Currently under the editorship of Kathleen Knudsen, who succeeded her father, Alf Knudsen, Western Viking has a readership that spans from Midwest to Europe. With more than twenty thousand subscribers, with correspondents in many European countries, with good relations with the Norwegian Foreign Minister, Western Viking “provides a link between the Norwegian communities – a link to each other and back to Norway,” Kathleen Knudsen says, and it also offers “learning resources about modern day Norway,” she says.

           Although it has been around for 117 years, the subscription-based Western Viking feels the pressure that the entire industry shares these days, when the Internet news is ubiquitous and people expect information to be free. For a paper targeted to a specific audience, every subscriber counts. However, the Western Viking gets passed around a lot, among neighbors and friends. Also, the word of mouth goes only so far, and the paper has to keep getting the news out that it exists, Knudsen explains.

           Western Viking keeps itself fresh and interesting by providing news from a multitude of sources, being a hub of information. It attends the big ethnical gatherings, Knudsen says, covers the events, and places ads in the national papers that reach the Norwegian-American readers. Providing coverage for the local communities’ events brings ads for future events in its pages. The ties with Norway brought the opportunity of covering the visits of the Norwegian Royal Family to the United States, in 1995 and 1999. That got the word out. Still, there is a continuous effort to reach new people, to attract new volunteers and to bridge the generation gap.

            Many Norwegian-American organizations are active in the Seattle area and they meet regularly at Leif Erikson Lodge in Ballard to celebrate their cultural heritage. The abundance of Norwegian groups looks very impressive, but, Knudsen says, it has a downside. “Norwegians don’t always play well together,” she says. Western Viking has a role in getting the groups to be “mutually supportive,” and in “developing cooperation” among them.

As recently as March 11, 2006, Western Viking covered “The Tastes of Norway – Norwegian Cultural and Heritage Day,” organized by The Sons of Norway in Seattle. On June 30, 2006, at the Benaroya Hall, The Sons of Norway in Seattle will be the host of the Annual Summer Festival with choruses coming from all over the country, from the Canadian to the Mexican border. Western Viking publicizes and covers that as well. “The ethnic heritage we bring to this country is so important,” Knudsen says. “We have to be careful about it because, if we take it for granted, it’s going to disappear.” 

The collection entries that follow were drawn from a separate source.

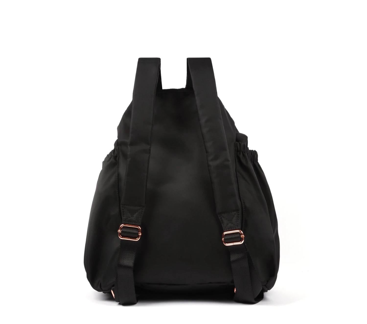 This backpack, in a very practical format, is ideal for all those who wish to move around while having their hands free. Its buckle closure system allows you to attach the top of the bag for a different carry. This originality, combined with an elegant and supple nylon material, make it a modern and feminine bag.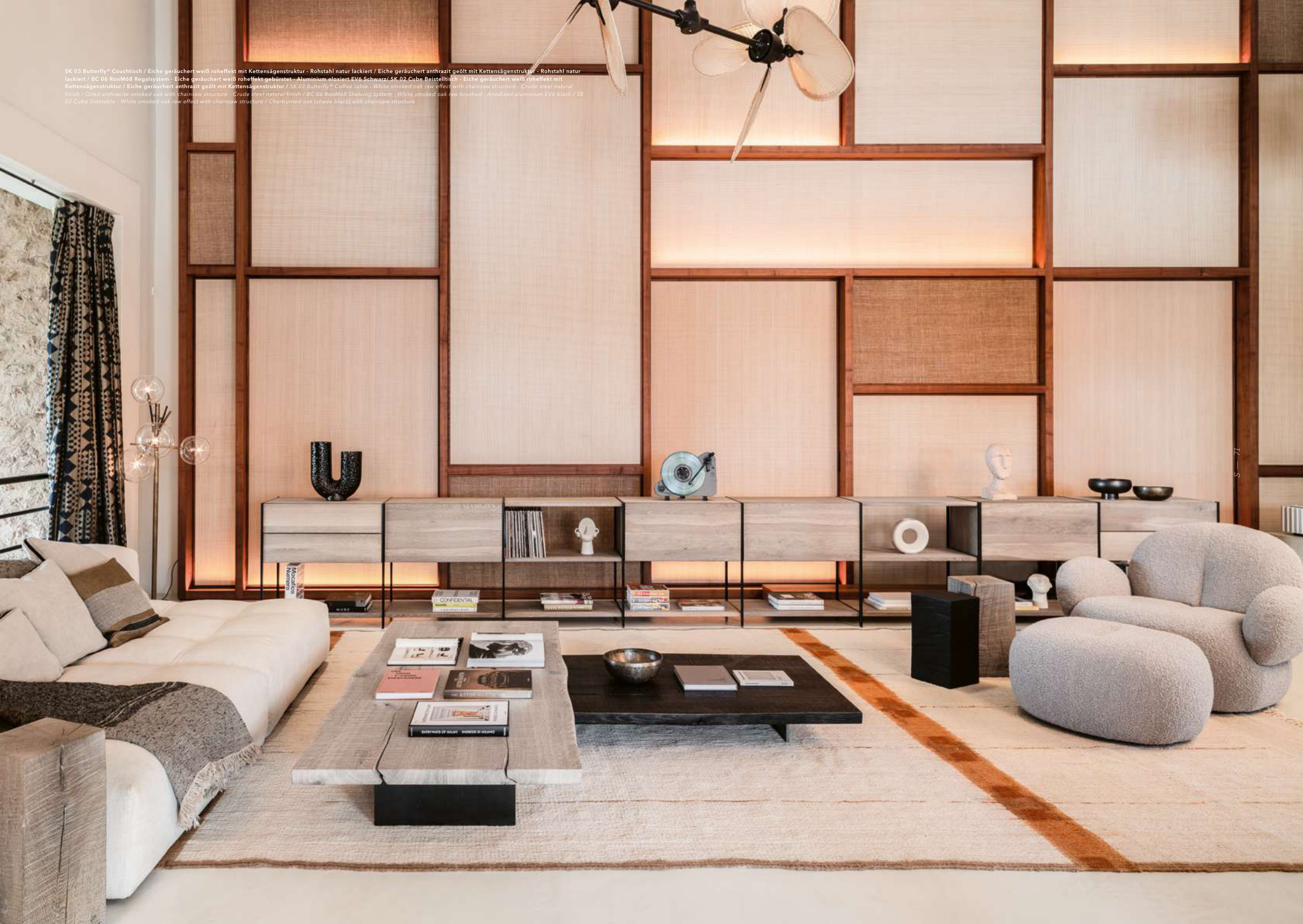 finish / Oiled anthracite smoked oak with chainsaw structure - Crude steel natural finish / BC 06 RooM68 Shelving system - White smoked oak raw brushed - Anodized aluminium EV6 black / SK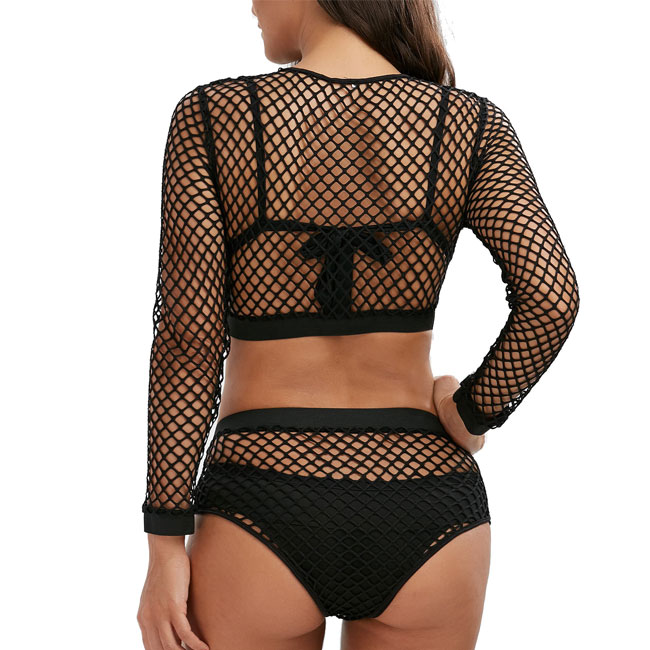 Sexy Sleeve Mesh Perspective Fish Net Round neck Long Women Lingerie-3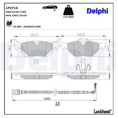 DELPHI LP3716 Kit de plaquettes de frein, frein à disque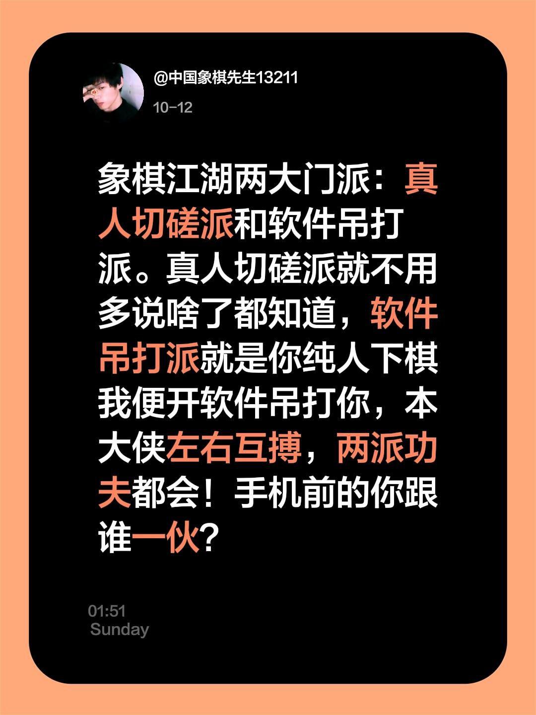 网络象棋高手门派划分?象棋江湖两大门派:真人切磋派和软件吊打派。真人切磋派就不用多说啥了都知道,软件吊打派就是你纯人下棋我便开软件吊打你,本大侠左右互搏,两派功夫都会!手机前的你跟谁一伙?象棋 象棋软件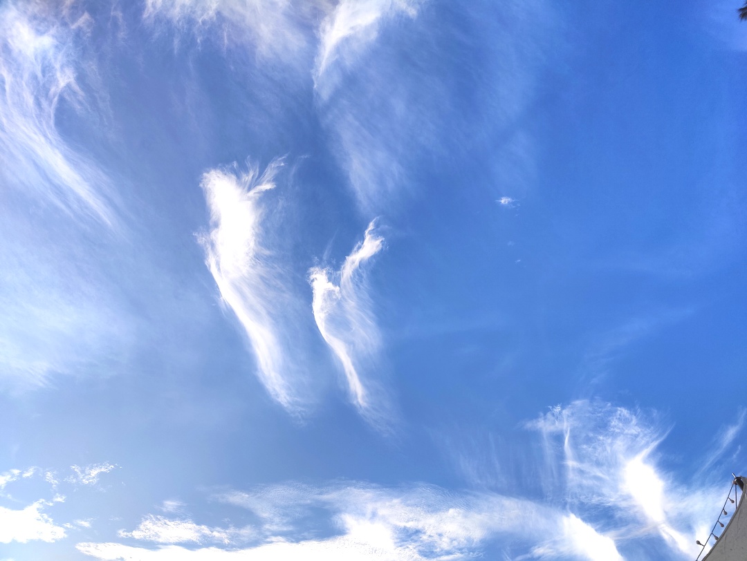 小时候总觉得云都一样,白白软软的。那天才发现,没有两朵云是相同的:有的像被扯碎的棉絮,有的边缘镶着金边,有的飘着飘着突然变了形状,像在跟你玩捉迷藏。
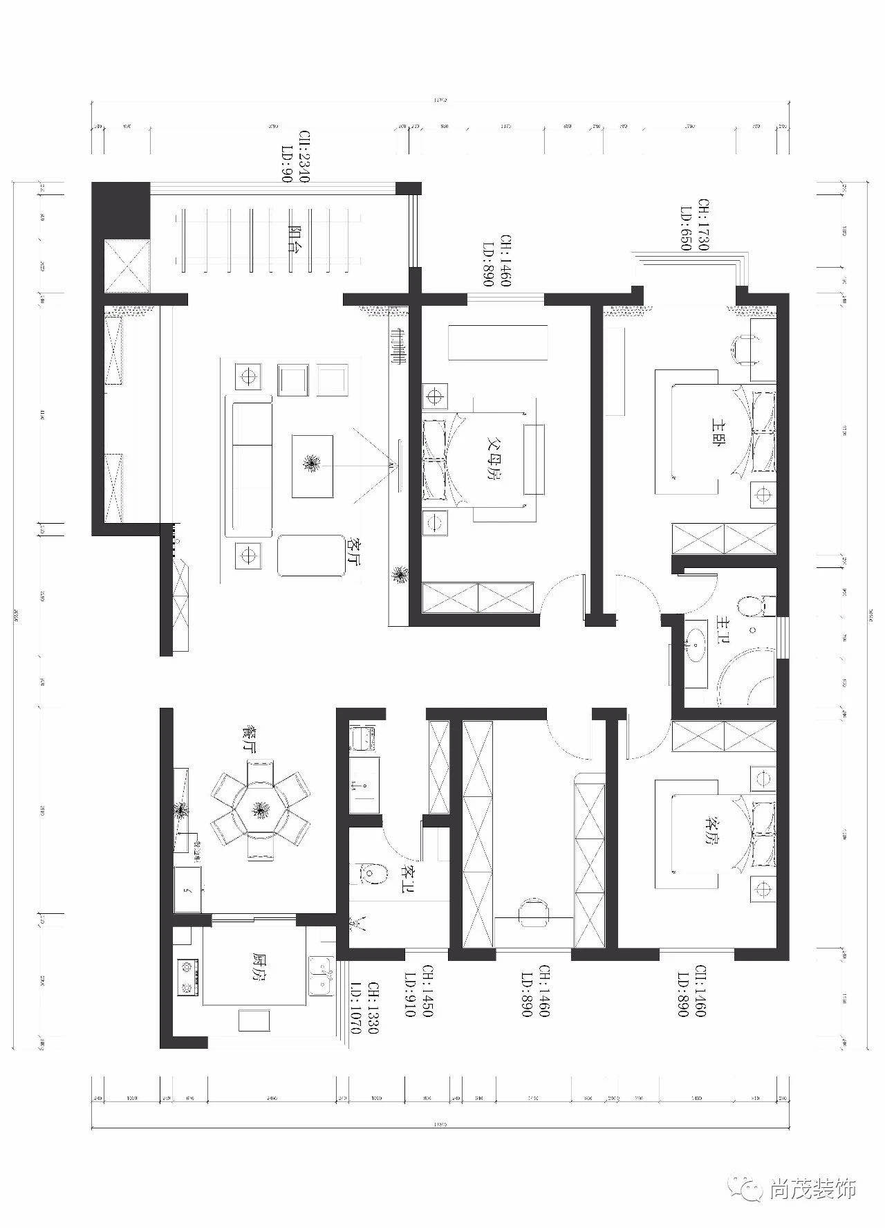 房子屬于南北通透的戶型,采光和通風(fēng)效果都比較好,客餐廳面積比較大,所以在考慮方案的時候,融入了一些造型的設(shè)計來弱化客餐廳的空曠感。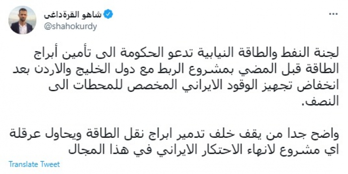 وكتب في تغريدة عبر "تويتر" رصدها "المشهد العربي": "لجنة النفط والطاقة النيابية تدعو الحكومة الى تأمين أبراج الطاقة قبل المضي بمشروع الربط مع دول الخليج والأردن بعد انخفاض تجهيز الوقود الإيراني المخصص للمحطات الى النصف".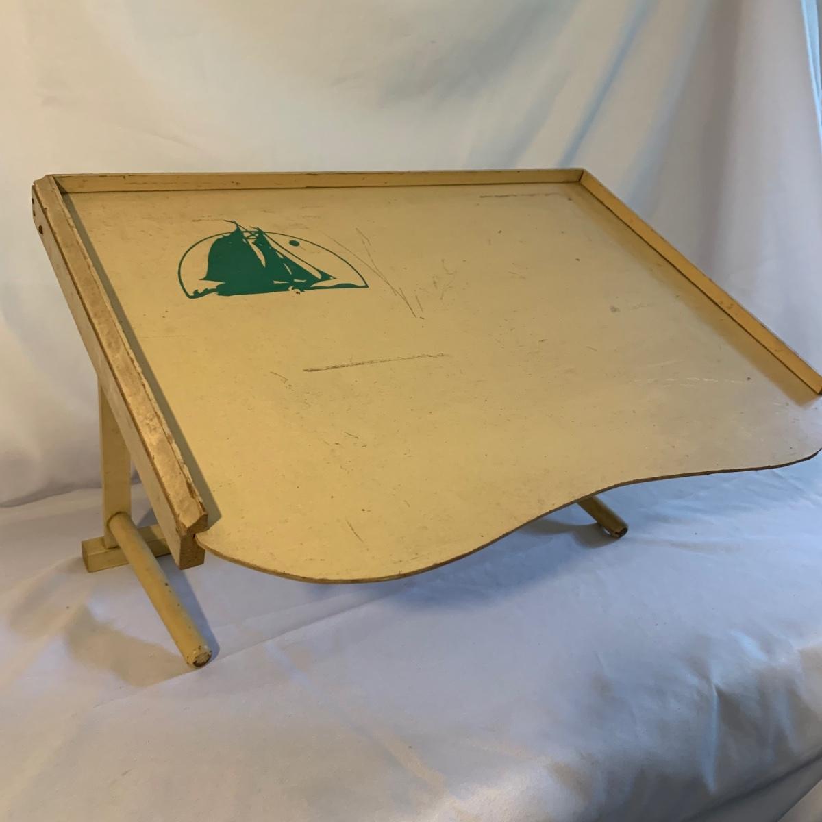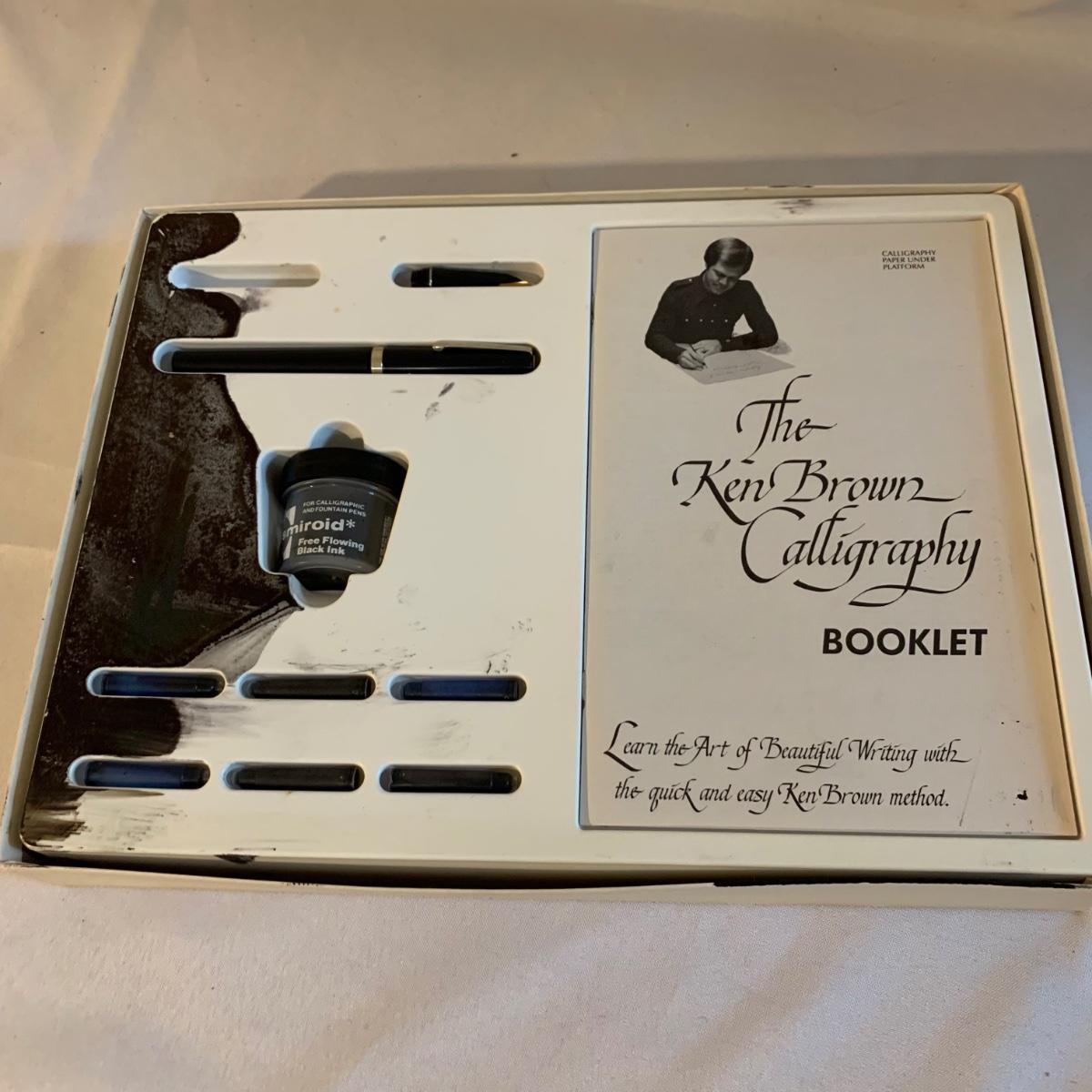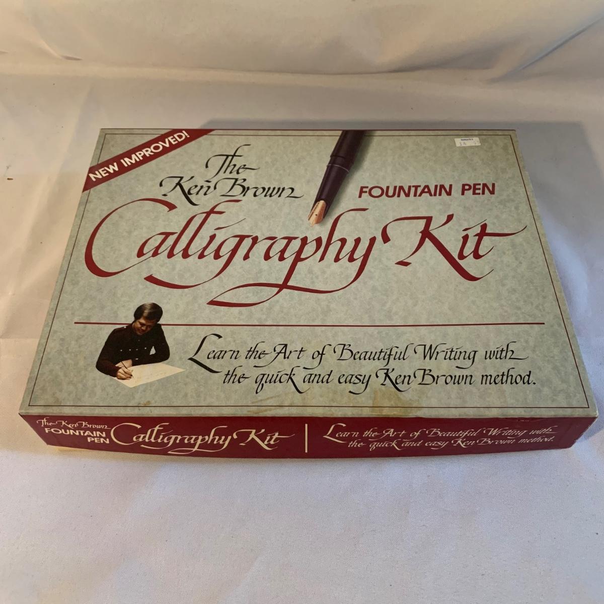 This lot includes vintage tools and supplies for different crafts and art. A drawing desk, a calligraphy set, paint brushes, stamps, coloring books, and more are included. Conditions for pieces in this lot range from fair to good with some items having marks and wear. The desk measures about 15in x 21in when folded. Shipping available.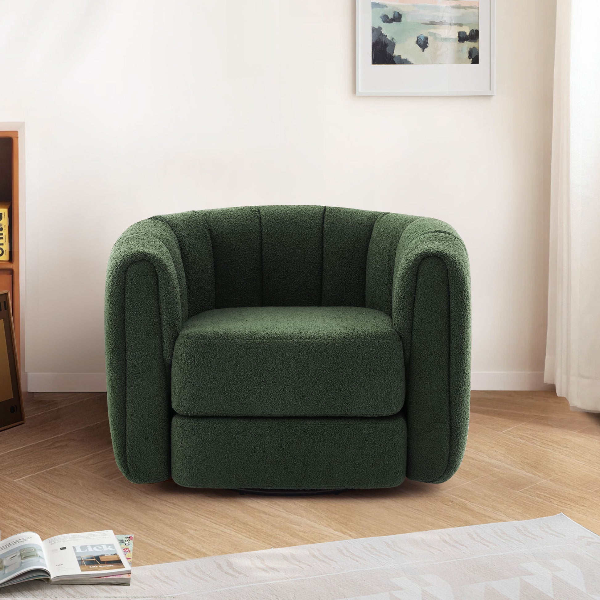Swivel Accent Chair For Living Room, Sofa Chairs With Base Side, Comfy Swivel Accent Chair With Wide Upholstered, For Living Room - Green / Dark Green29.53"W x 37.01"D x 27.56"H - 49.2 lb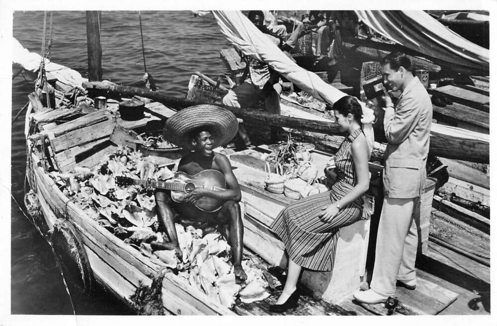 Nassau Bahamas Fisherman’s Wharf Man Playing Guitar Real Photo Postcard AA51427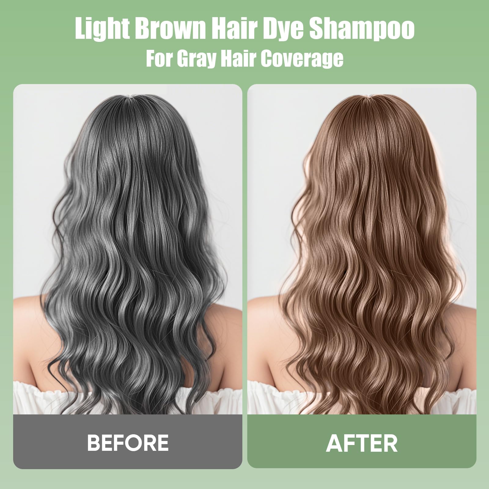 - 100% Gray Coverage: Wave goodbye to stubborn grays! Our light brown hair dye shampoo delivers full coverage in just 10–15 minutes, restoring your hair’s youthful shine and confidence. No more salon trips—just salon-worthy results!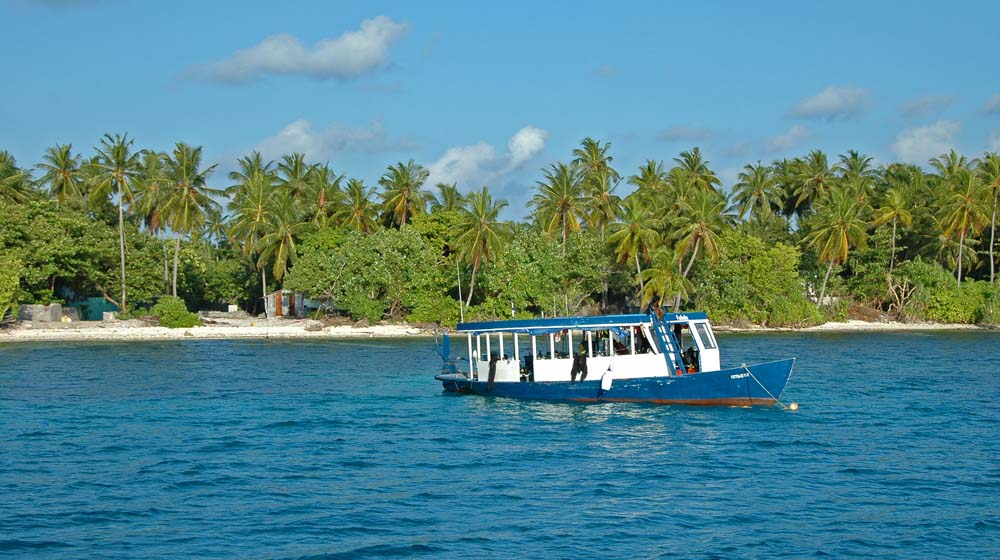 the dhoni that followed us around for two weeks, serving as our dive platform

The question is how to enlarge your volunteer group, and not just talk to your existing membership, Knudsen says. Since not only Norwegians read the newspaper, but many Scandinavians, the paper is on all Scandinavian flights out of Seattle, and it is available at the International Media Hub in Copenhagen.

           In the early 1990s, when the paper reintroduced the bilingual columns, people were skeptic about the initiative. But soon, the bilingual articles were adopted as teaching tools: for students learning Norwegian and for Norwegians learning English.

Many European readers are exchange professors and students, or researchers, Knudsen says. Once they leave the United States, they cancel their subscriptions, but invariably call back to renew them because “Norwegian-America has a different approach to the news than Norway,” Knudsen says. It has a “unique perspective that they don’t get anywhere else,” she says.

 “They say America is a melting pot,” Knudsen says. “The way I see it, it is not a melting pot, but a kaleidoscope.” Any way you turn it, you see different colors and images. It is important “to maintain your ethnicity and bring your color to your corner of the world,” she says. And that is what Western Viking does best.